Combining diabetes drug with gene inhibitor suppresses late-stage prostate cancer tumor growth
Prostate cancer has the second highest cancer-related mortality in men in the USA and there are limited treatment options when the disease is advanced. Researchers from Purdue University (IN, USA) have found that a drug combination of metformin, commonly used in diabetes treatment, and a gene inhibitor termed BI2536, can help suppress growth and spread of treatment-resistant late-stage prostate cancers.

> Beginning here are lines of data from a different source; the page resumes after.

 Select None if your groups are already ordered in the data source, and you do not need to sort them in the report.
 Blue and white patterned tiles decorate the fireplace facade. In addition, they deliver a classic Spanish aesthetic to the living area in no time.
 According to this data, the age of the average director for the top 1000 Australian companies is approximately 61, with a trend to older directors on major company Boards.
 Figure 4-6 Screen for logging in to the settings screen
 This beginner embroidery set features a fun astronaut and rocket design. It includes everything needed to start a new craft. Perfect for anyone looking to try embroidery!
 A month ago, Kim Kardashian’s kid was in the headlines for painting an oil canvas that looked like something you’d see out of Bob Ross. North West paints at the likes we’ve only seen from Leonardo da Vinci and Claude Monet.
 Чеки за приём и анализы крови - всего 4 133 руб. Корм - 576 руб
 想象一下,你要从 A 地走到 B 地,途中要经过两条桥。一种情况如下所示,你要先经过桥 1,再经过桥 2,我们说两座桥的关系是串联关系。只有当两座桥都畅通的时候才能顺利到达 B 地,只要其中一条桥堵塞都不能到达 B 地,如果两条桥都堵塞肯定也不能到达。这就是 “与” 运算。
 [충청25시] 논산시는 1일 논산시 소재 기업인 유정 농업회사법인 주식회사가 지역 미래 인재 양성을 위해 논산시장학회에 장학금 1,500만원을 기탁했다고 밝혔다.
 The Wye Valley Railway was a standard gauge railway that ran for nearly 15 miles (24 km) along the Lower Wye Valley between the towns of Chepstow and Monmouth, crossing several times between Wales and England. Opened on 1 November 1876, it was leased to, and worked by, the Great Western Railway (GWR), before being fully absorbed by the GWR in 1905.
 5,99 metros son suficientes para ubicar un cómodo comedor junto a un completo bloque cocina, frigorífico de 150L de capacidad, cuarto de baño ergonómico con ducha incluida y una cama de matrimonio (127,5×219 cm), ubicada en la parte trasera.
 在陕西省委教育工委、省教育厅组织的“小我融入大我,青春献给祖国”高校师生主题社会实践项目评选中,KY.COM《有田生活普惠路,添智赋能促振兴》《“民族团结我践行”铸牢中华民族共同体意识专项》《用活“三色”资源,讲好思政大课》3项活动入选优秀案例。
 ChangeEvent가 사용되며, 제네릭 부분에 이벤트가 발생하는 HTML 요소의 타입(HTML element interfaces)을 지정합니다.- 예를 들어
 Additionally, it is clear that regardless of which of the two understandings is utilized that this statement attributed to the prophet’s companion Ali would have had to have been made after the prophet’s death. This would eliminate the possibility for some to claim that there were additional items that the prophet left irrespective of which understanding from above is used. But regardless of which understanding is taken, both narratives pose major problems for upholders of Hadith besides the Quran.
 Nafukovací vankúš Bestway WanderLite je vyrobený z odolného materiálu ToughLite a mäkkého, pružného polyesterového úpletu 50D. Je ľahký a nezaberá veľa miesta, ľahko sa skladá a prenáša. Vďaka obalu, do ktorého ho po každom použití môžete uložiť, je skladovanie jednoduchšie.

“We’ve found a promising way to treat late-stage prostate cancer,” commented Xiaoqi Liu (Purdue University). “By combining low levels of two well-tolerated drugs, the progression of this disease could be significantly delayed. Completely curing the cancer at the advanced stage is pretty much impossible, but this treatment might manage it for a while – that’s exciting.”

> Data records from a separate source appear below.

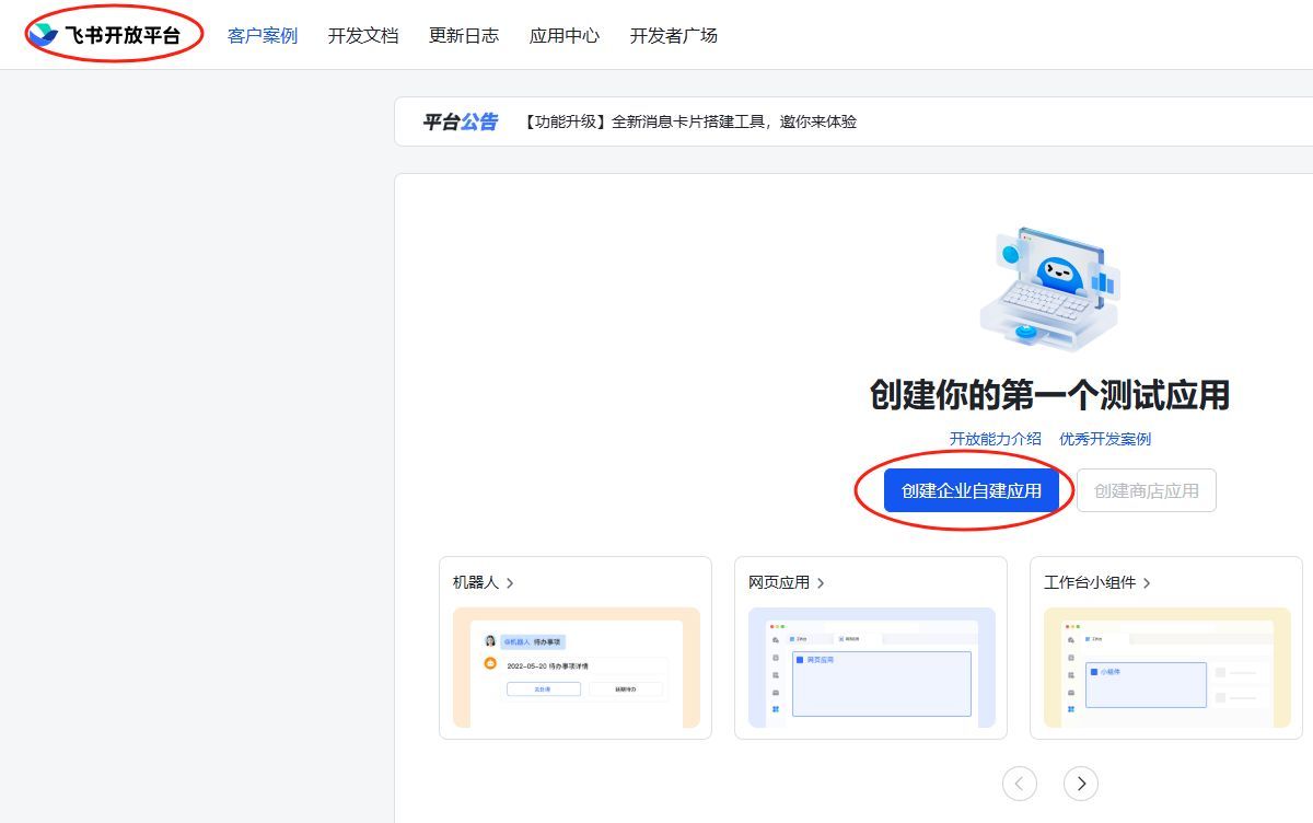 按照集成步骤指引,在《飞书开放平台》中创建应用(用于绑定会议室预约记录和智能门锁,并通过飞书消息发送会议室临时开锁密码)。
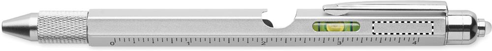 Twist action spirit level pen in stainless steel with ruler, stylus and Phillips head and flat head screw driver bits and LED. 3 AG batteries included. Blue ink.
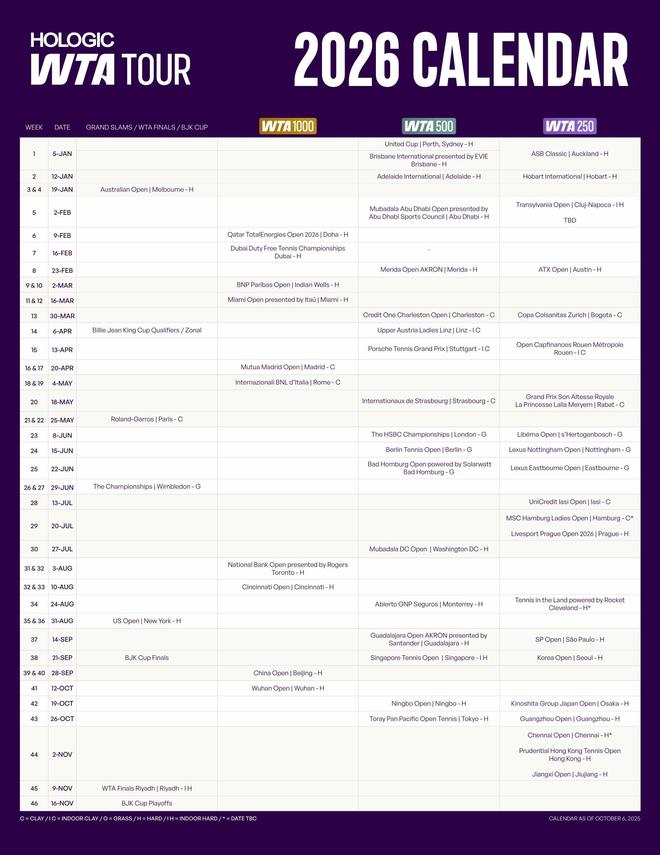 国际女子网球协会(WTA)今日公布2026赛季赛历,将包括遍布26个国家和地区的50多站赛事和四大满贯。
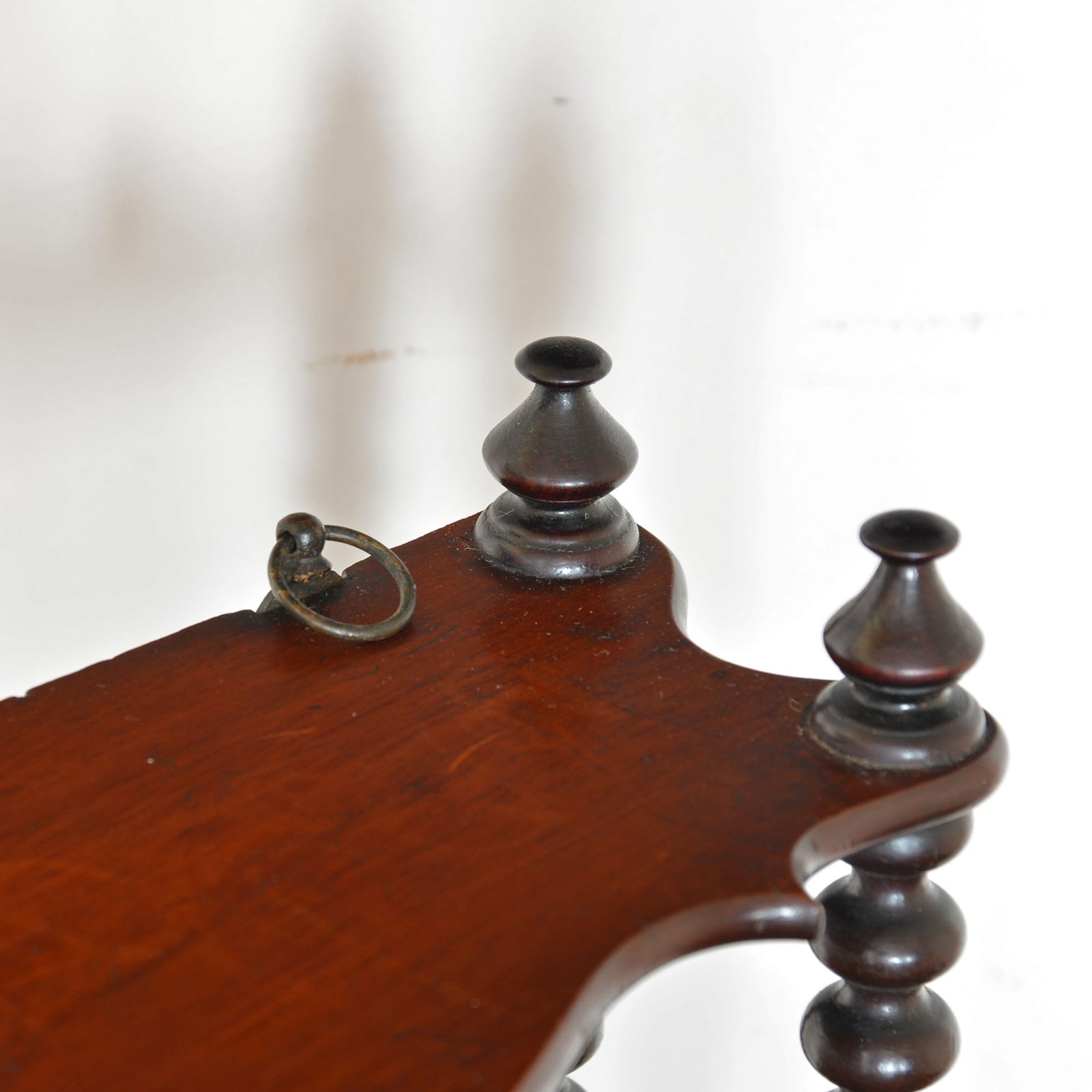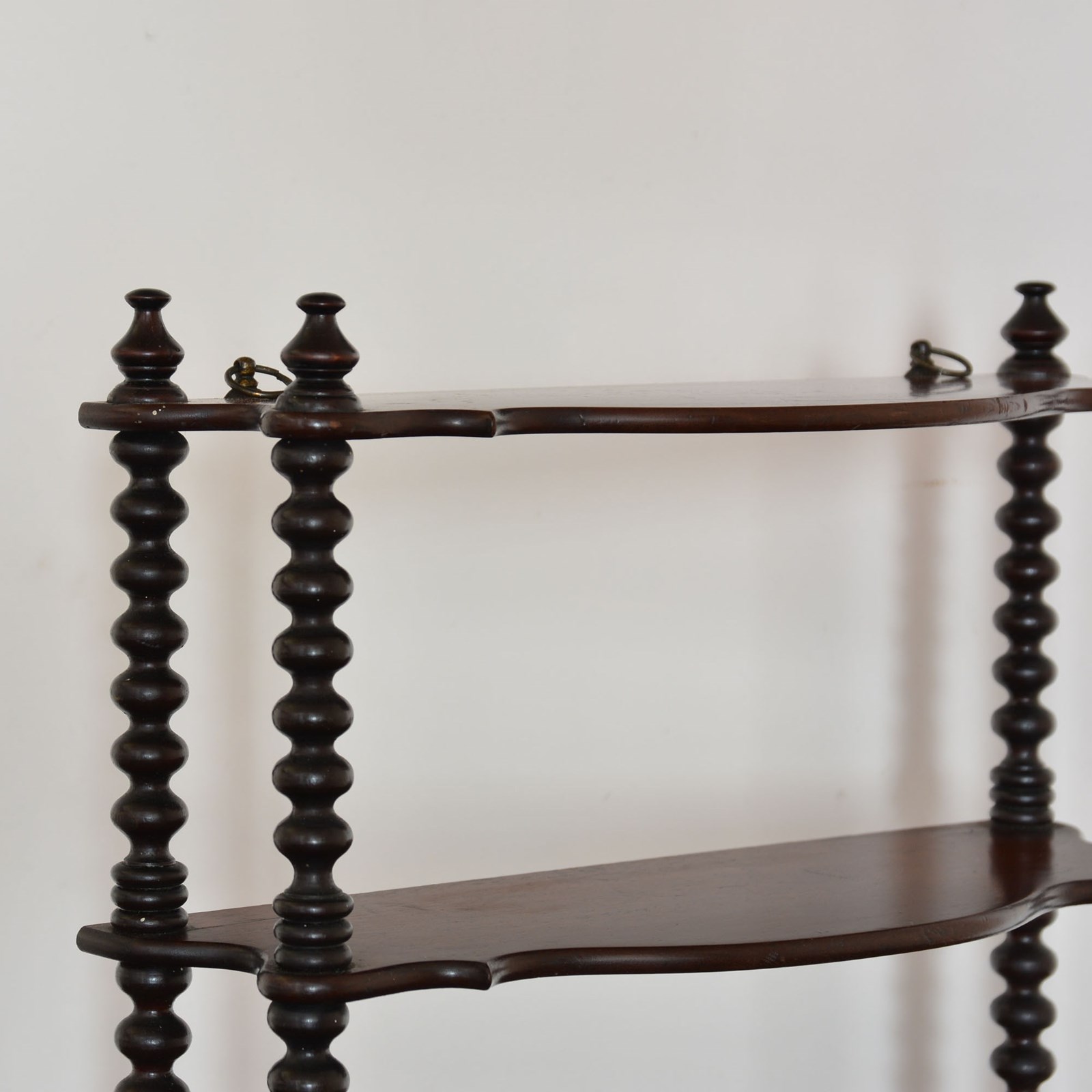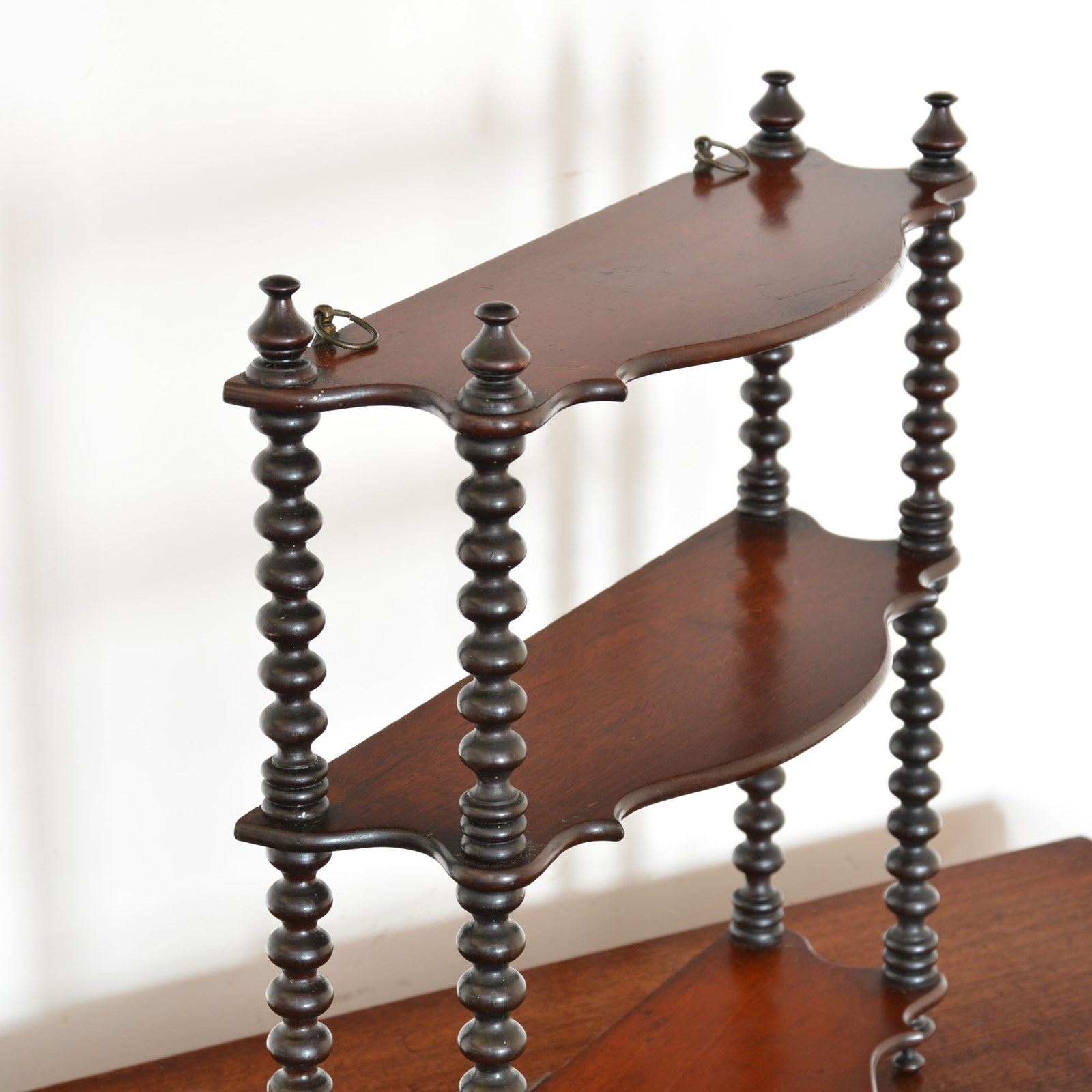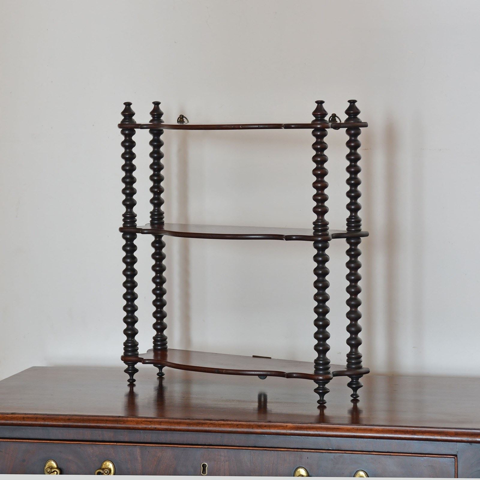 Three tier serpentine fronted hanging shelves with fine bobbin turned supports and a pair of brass hanging rings.

Early-stage prostate cancer is often treated by androgen suppression, the male sex hormone required by prostate cancer cells for development. If the cancer continues to grow, then chemotherapy is usually required. The final therapy option for chemotherapy-resistant disease is use of drugs that can block androgen synthesis in cancer cells, but this only prolongs life for a few months.
Castration via androgen suppression does not shut down cancer growth. It can increase oxidative stress on the prostate gland, which in turn increases expression of PIk1. This gene is linked to a variety of cancers, and its overexpression can upregulate androgen synthesis.

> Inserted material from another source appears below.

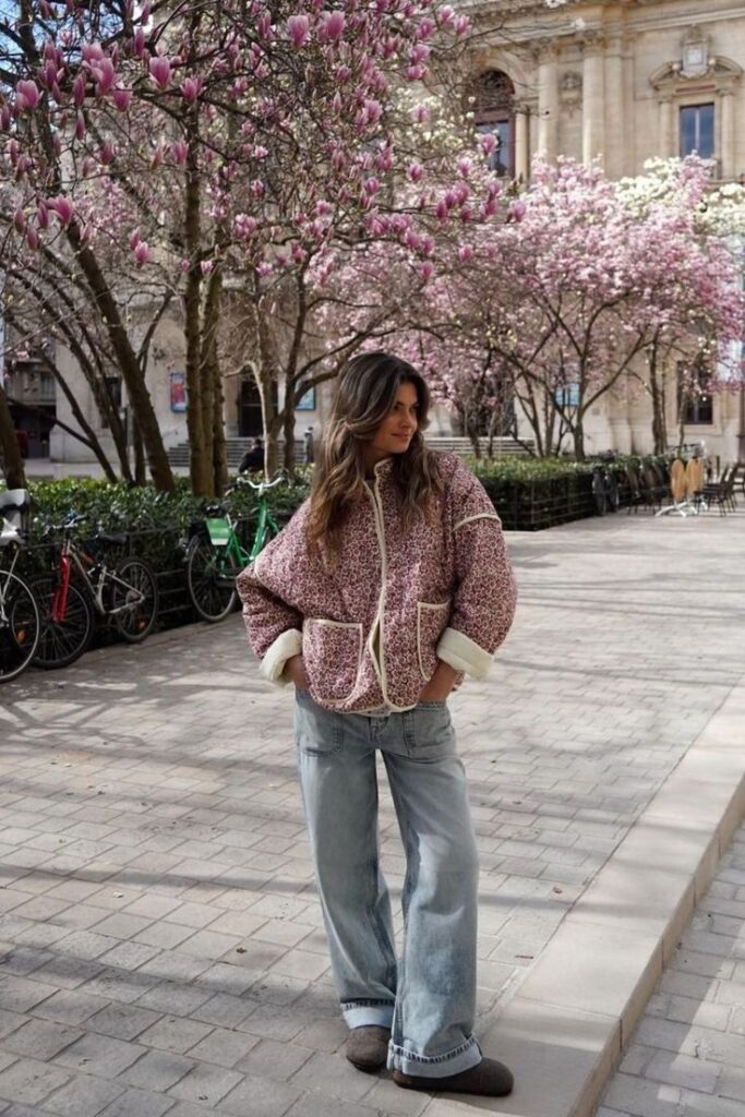 The floral printed quilted jacket with cream sherpa trim is so much more interesting than a plain one and it works because the print feels vintage rather than loud. Worn with washed wide leg jeans and textured slip on shoes, the whole thing reads like effortless spring dressing. This is the kind of jacket that makes people stop you on the street to ask where it is from.
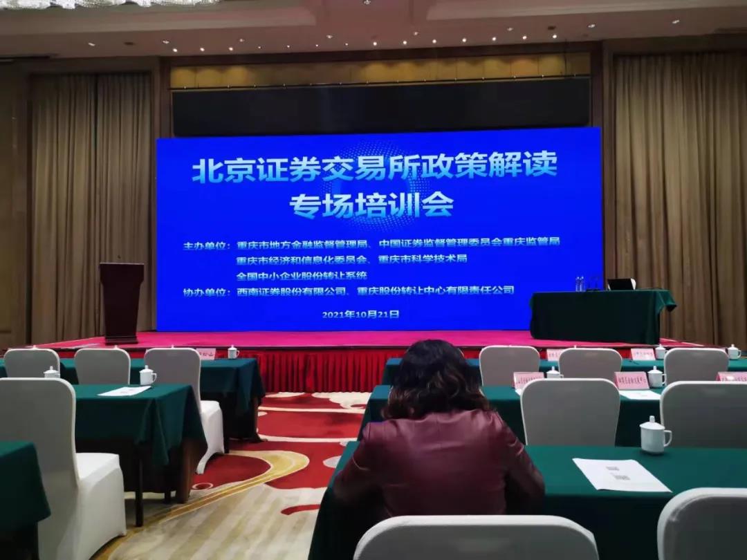 會上,重慶證監(jiān)局黨委委員、副局長鄭松山、重慶市地方金融監(jiān)督管理局黨組成員于蓉先后致辭,北京證券交易所西南區(qū)域首席代表李云祥、西南證券投資事業(yè)部執(zhí)行董事何泉成分別作了北京證券交易所政策解析。

“The goal of castration is to block androgen synthesis,” Liu explains, “But cancer cells eventually become ‘smart’ enough to make androgen anyhow, which is why the cancer continues to grow.” As well as this, castration can interrupt metabolism and cause insulin resistance, which can also cause androgen to be produced.
Metformin is an inexpensive antidiabetic drug that has been used for > 40 years. It is also particularly potent against prostate cancer tumors. Liu and his colleagues at Purdue University, the University of Wisconsin-Madison (WI, USA) and the Indiana University School of Medicine (IN, USA) tested the effects of combining metformin at low levels with BI2536 in a cell culture assay of human prostate cancer cells and in advanced prostate cancer cells in mice.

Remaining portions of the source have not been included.